Рассказывая об этих отроческих мыслях своих, приходит он к заключению, что в основе их было четыре чувства: первое – «любовь к воображаемой женщине», то есть сладострастие плоти; второе – «любовь любви» людской, то есть гордость, сладострастие духа; третье – «надежда на необыкновенное тщеславное счастие, такая сильная и твердая, что она переходила в сумасшествие»; четвертое – отвращение к самому себе и раскаяние.

Но, в сущности, это – не четыре, а только два чувства, ибо первые три соединяются в одно – в любовь к себе, к своему телу, к своей телесной жизни или к своему Я; второе – отвращение, ненависть к себе, нелюбовь к другим или к Богу, а именно только ненависть к себе. И здесь, и там первая основа и соединение двух столь, по-видимому, противоположных чувств есть Я, или до крайней степени утверждаемое, или до крайней степени отрицаемое. Все начинается и все кончается в Я: ни любовь, ни ненависть не могут разорвать этого круга.

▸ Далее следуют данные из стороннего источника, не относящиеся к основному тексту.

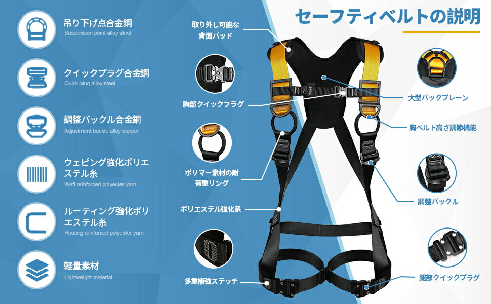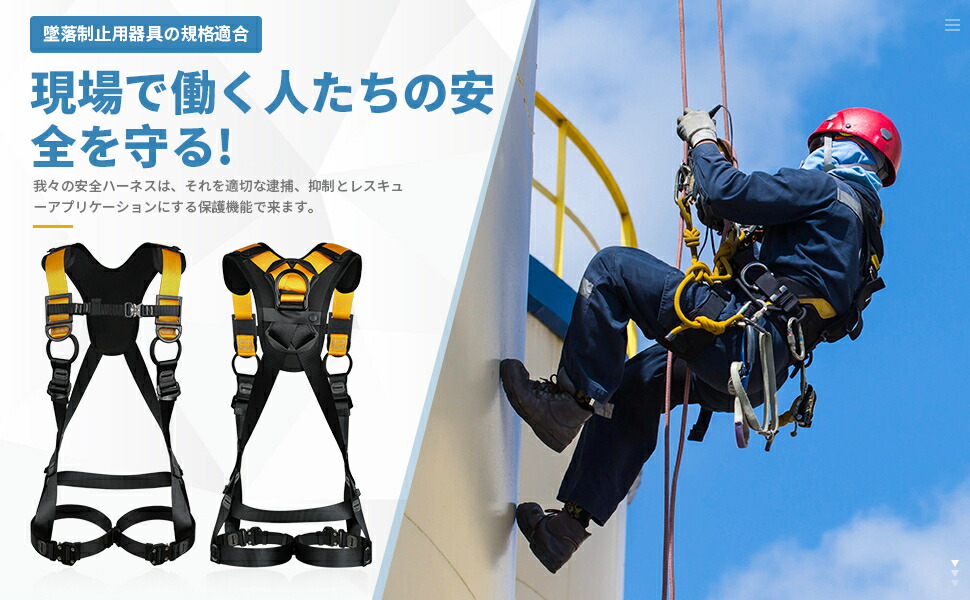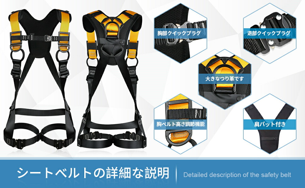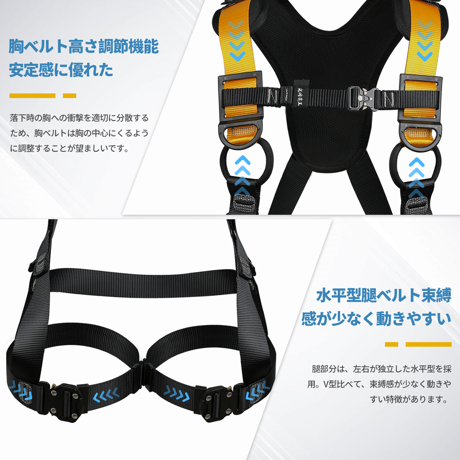 【ご注意】フルハーネス安全帯 新規格 セット、高所作業やクライミングなどは非常に危険ですので、自己の行動と判断に責任を持ち、適切なトレーニング(技術および安全対策知識)を事前に習得してからご使用ください。使用方法が誤っていたり、メンテナンスが不適切な場合、重大な事故につながる可能性があることにご注意ください。私たちの店では、常に高品質の製品とサービスを提供することに注力しています。商品について何かアドバイスがございましたら、ぜひメールにてお知らせください。
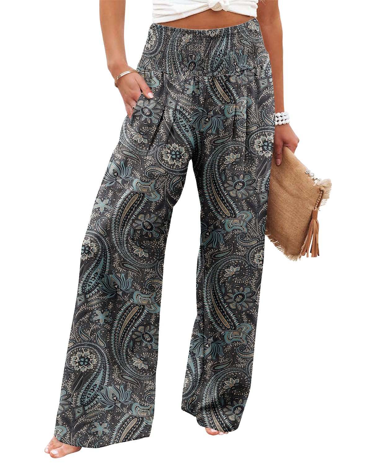 Features - Women's casual palazzo pants, smocked elastic waist, wide leg, long, plaid&stripe design, soft and breathable. Our pants are perfect for daily wear, lounging at home, hanging around outside, traveling, vacation, or office work. Easily matched with slippers, heels or sneakers.
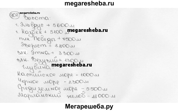 902. Найдите по шкале высоты гор и глубины морей и океанов.
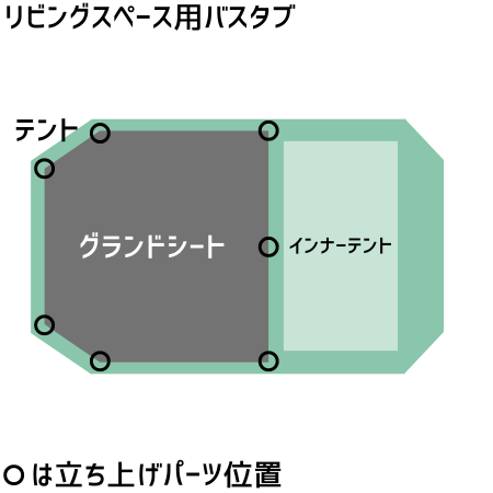・テントに対するサイズ感は、フラットで外周から5cm内ライン、バスタブで10cm内ライン(変更も可)。

И вот вопрос: какой же из двух перемежающихся, сливающихся Львов Николаевичей Толстых – наиболее истинный, искренний, вечный: тот ли, кто стегает себя по голой спине аскетическою веревкой, или тот, кто ест эпикурейские пряники с кроновским медом, баюкая себя мыслью о смерти, о том, что все под солнцем – суета сует и томление духа, что лучше псу живому, нежели мертвому льву? Тот ли, кто любит, или тот, кто ненавидит себя? Кто все свои мысли, чувства, желания начинает по-христиански, или – кто кончает их по-язычески? Или, может быть, наконец, – и это было бы для него самое страшное, – оба они одинаково искренние, одинаково истинные, одинаково вечные?

Во всяком случае, он судит себя и свои отроческие мысли, которые называет своими «умствованиями», с такою строгостью и честностью в этом первом произведении, с какими впоследствии уже никогда не судил себя даже на знаменитых, столь жгуче-покаянных и самобичующих страницах «Исповеди».

«Из всего этого тяжелого морального труда я не вынес ничего, кроме изворотливости ума, ослабившей во мне силу воли, и привычки к постоянному моральному анализу, уничтожившей свежесть чувства и ясность рассудка. – Склонность моя к отвлеченным размышлениям до такой степени неестественно развила во мне сознание, что часто, начиная думать о самой простой вещи, я впадал в безвыходный круг анализа своих мыслей, я не думал уже о вопросе, занимавшем меня, а думал о том, о чем я думал. Спрашивая себя: о чем я думаю? – я отвечал: я думаю, о чем я думаю. А теперь о чем я думаю? Я думаю, что я думаю, о чем я думаю, и так далее. Ум за разум заходил».